THE DATA:

• • • • •

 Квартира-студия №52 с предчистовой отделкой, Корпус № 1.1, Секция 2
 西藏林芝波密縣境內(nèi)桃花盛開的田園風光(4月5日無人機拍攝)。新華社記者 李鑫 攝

• • • • •

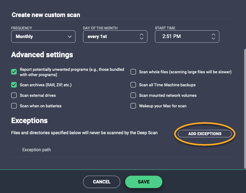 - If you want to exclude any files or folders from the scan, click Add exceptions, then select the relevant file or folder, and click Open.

• • • • •

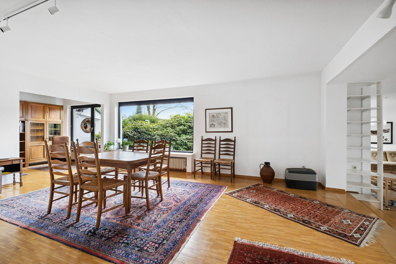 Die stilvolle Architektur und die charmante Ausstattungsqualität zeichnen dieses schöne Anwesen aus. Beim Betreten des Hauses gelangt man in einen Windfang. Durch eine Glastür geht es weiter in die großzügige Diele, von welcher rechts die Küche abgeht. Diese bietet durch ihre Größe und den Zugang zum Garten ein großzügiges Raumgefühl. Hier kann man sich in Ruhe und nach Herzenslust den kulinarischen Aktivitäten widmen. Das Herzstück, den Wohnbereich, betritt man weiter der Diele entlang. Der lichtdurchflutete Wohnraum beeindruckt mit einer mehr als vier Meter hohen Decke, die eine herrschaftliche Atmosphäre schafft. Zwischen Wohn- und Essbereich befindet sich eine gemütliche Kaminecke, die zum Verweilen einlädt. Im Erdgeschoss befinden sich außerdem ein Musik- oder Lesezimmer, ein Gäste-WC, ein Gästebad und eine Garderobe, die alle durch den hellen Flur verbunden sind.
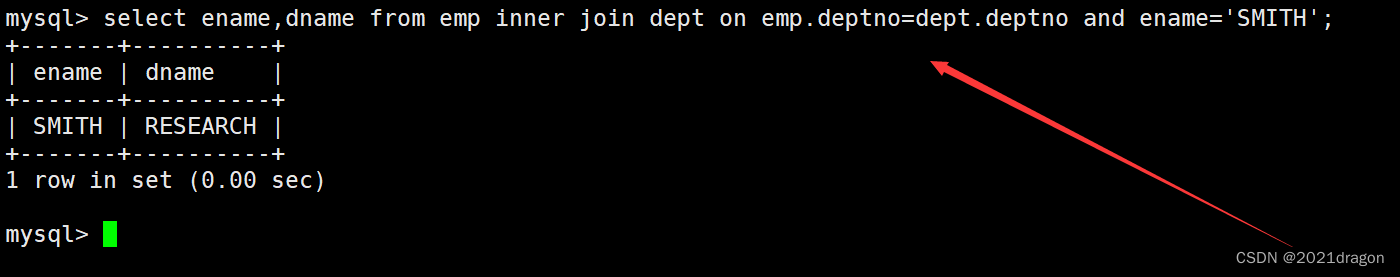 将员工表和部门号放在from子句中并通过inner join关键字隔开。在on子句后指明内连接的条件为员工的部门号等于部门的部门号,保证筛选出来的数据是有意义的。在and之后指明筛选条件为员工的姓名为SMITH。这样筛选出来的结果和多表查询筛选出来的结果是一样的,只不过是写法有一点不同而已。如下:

• • • • •

INSTRUCTIONS FOR THE TASK: Starting at the line that contains "Квартира-студия №52 с" and stopping after the line that contains "西藏林芝波密縣境內(nèi)桃花盛開的田園風光(4月5日無人機拍攝)。新華社記者 李鑫 攝", write out every line exactly as it appears above, and no other line.

ANSWER SECTION:
 Квартира-студия №52 с предчистовой отделкой, Корпус № 1.1, Секция 2
 西藏林芝波密縣境內(nèi)桃花盛開的田園風光(4月5日無人機拍攝)。新華社記者 李鑫 攝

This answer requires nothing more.